Let’s directly address the client’s question now. When I approach a hill, I naturally tend to look at the top when I get to the base then I tend to focus just a few feet ahead. I look at the top when I approach to see how long and steep it is. No reason for it other than natural curiosity. What the hill (bad pun) am I getting myself into? I then concentrate on the moment, hence looking only a few feet ahead. In that moment, I’m focused on my form and stride. My stride and yours should shorten. It makes the uphill run much easier to handle. I concentrate on making sure my arms are moving steadily and my breathing is consistent.
My pace naturally slows down when going up. Your pace will slow down too so will the elite runner’s pace. It’s the whole gravity thing. You want your effort to feel about the same even though you will actually be slower.
When you first incorporate hills into your runs, your effort will seem a lot harder. That’s ok. As you get used to hills, the effort won’t seem as hard. What will never change is that your legs will feel a little more stress. This is the result of working different muscles and going uphill. Again, you’re going against gravity.
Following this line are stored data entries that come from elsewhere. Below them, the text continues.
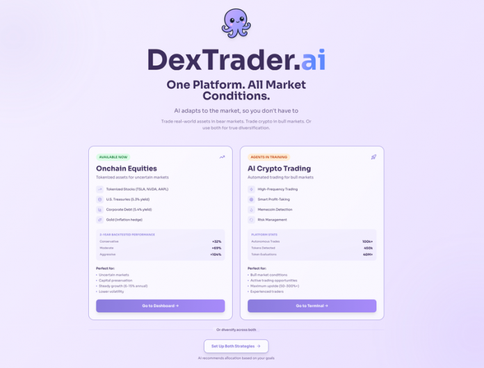 DexTrader.ai solves two of essentially the most prevalent issues confronting crypto buyers: the problem of constantly buying and selling fast-moving DEX markets, and the dearth of dependable diversification when volatility spikes. The platform addresses each points straight by combining a sophisticated DEX buying and selling engine that evaluates tokens throughout greater than 80 standards with direct entry to tokenized shares, U.S. Treasuries, company bonds, and gold, all whereas remaining 100% decentralized and self-custodied.
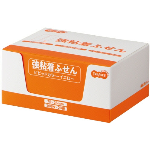 TANOSEE 強粘着ふせん 75×25mm ビビッドカラー・イエロー 60冊/箱(ご注文単位1箱)【直送品】
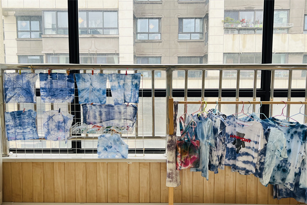 晾干后,幼儿轻轻解开皮筋,一幅幅独一无二、色彩斑斓的扎染作品惊艳呈现,幼儿互相欣赏,分享创作的喜悦。

There will be resistance. Your quad muscles will start to burn. The more steep, the more the quads will burn. That happens to the best of runners so please don’t think it means you’re weak. You’re not! You’re normal.
What would I recommend? If you’re new to hills, find a trail or hilly street or some stairs at a local high school stadium and run up them during the course of a training run. When you turn onto that street or hop onto that trail or stadium stairs, just look a few feet ahead and concentrate on your shortened stride, arm movement and consistent breathing. Don’t worry about how long the hill is. If you do that, you might lose focus on your form and breathing. As you gain experience and confidence with hills, then you can let your eyes wander because there’ll be no way you’ll be intimidated.
If you focus in the moment, you’ll soon realize the effort is getting easier and the burning in the quads has stopped. You made it to the top! Now, the funnest part of hill running begins–going down!